I'm confused as to why we would need multiple types of parser for blocking / async etc.
We don't. We need one non-blocking parser, which can be used to implement both blocking and non-blocking APIs in various flavors. This is the confusion here I think: You try to define an API you like to use. I try to define an API that people can use to implement their own APIs, in any environment.

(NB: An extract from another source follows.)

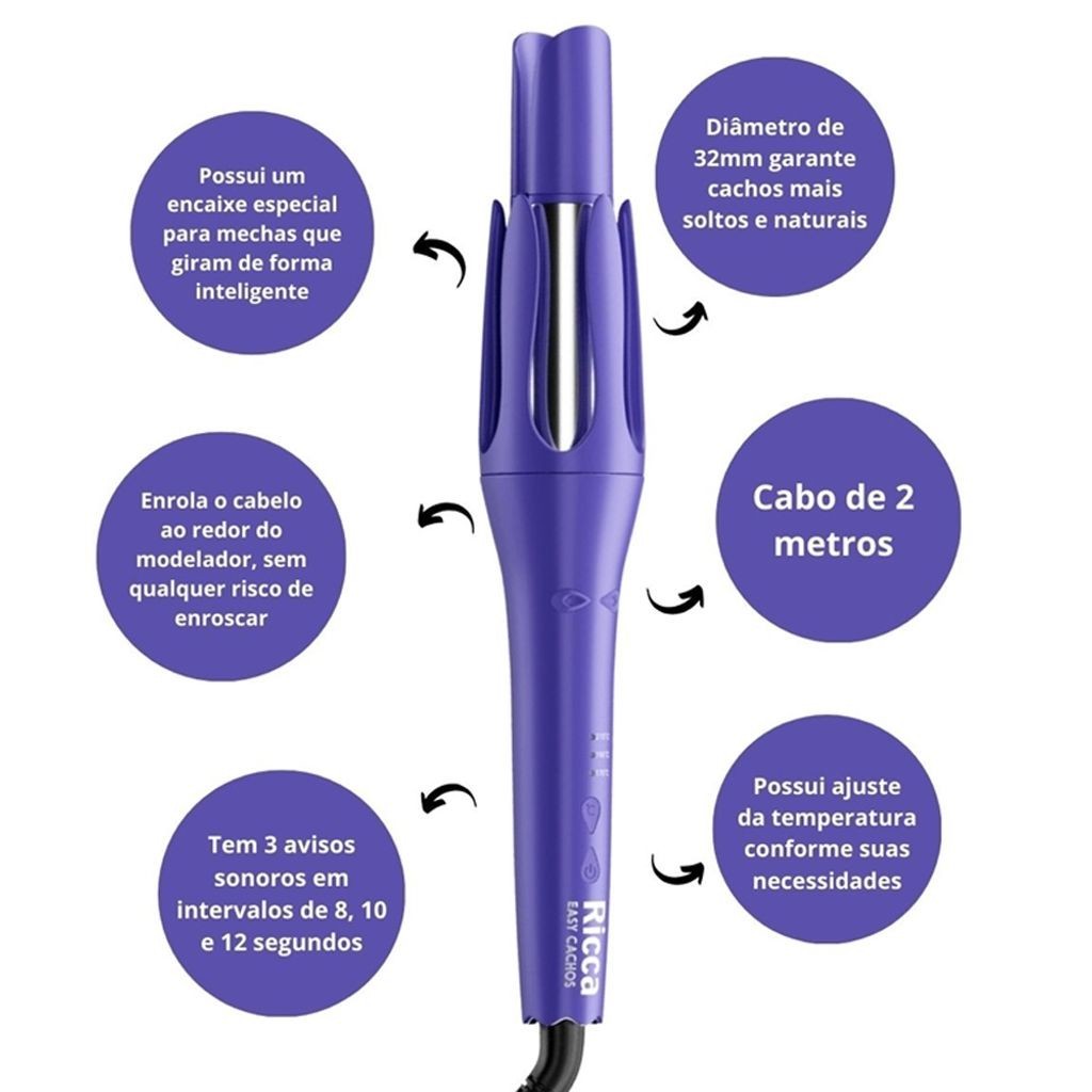 Com o Modelador Automático Easy Cachos Bivolt da Ricca, você conquista cachos perfeitos e com acabamento profissional, de maneira prática e sem complicação. Ideal para quem busca agilidade no dia a dia e resultados duradouros.

For example, you do not like the fact that PartInfo
and the data chunks are siblings (both emitted by the parser) instead of parent/child (data chunks emitted by the part). This is a flavor. You can implement the latter easily with the first approach, by adding a very thin layer around it. It would also be possible the other way around, although a little bit more awkward I think. You can also wrap my approach easily to emit a single event at a time, like yours. These are flavors. I actually agree that my approach is not very convenient for end-users. There need to be additional higher-level public APIs optimized for the environment. Namely three: One for blocking io (as the current implementation), one for coroutines (async/await, but otherwise no big changes), and one for event-driven io (twisted).
And this is the most important point, actually: I find it unnecessary hard to implement your approach for twisted, or any other environment where you do not control IO yourself, but listening to events. All your examples have a blocking recv()
buried deep into the callstack. Note that await recv()
is still a 'blocking' API. It blocks the coroutines, not a thread, but the program flow is still sequential and you can call it in a deep call-stack without worrying to much. This is not possible in some environments, e.g. twisted.
Let's look at your get_next_events()
helper-function. I think this is part of the parser, not the business logic. As part of the parser, it calls recv()
in a (pseudo)blocking way (with or without await
). So, consequently, that parser is not non-blocking (a call to get_next_events()
may block (the coroutine)) and it is not decoupled from IO (the parser requires a data source it can ask for more data. It cannot be fed with data from the outside).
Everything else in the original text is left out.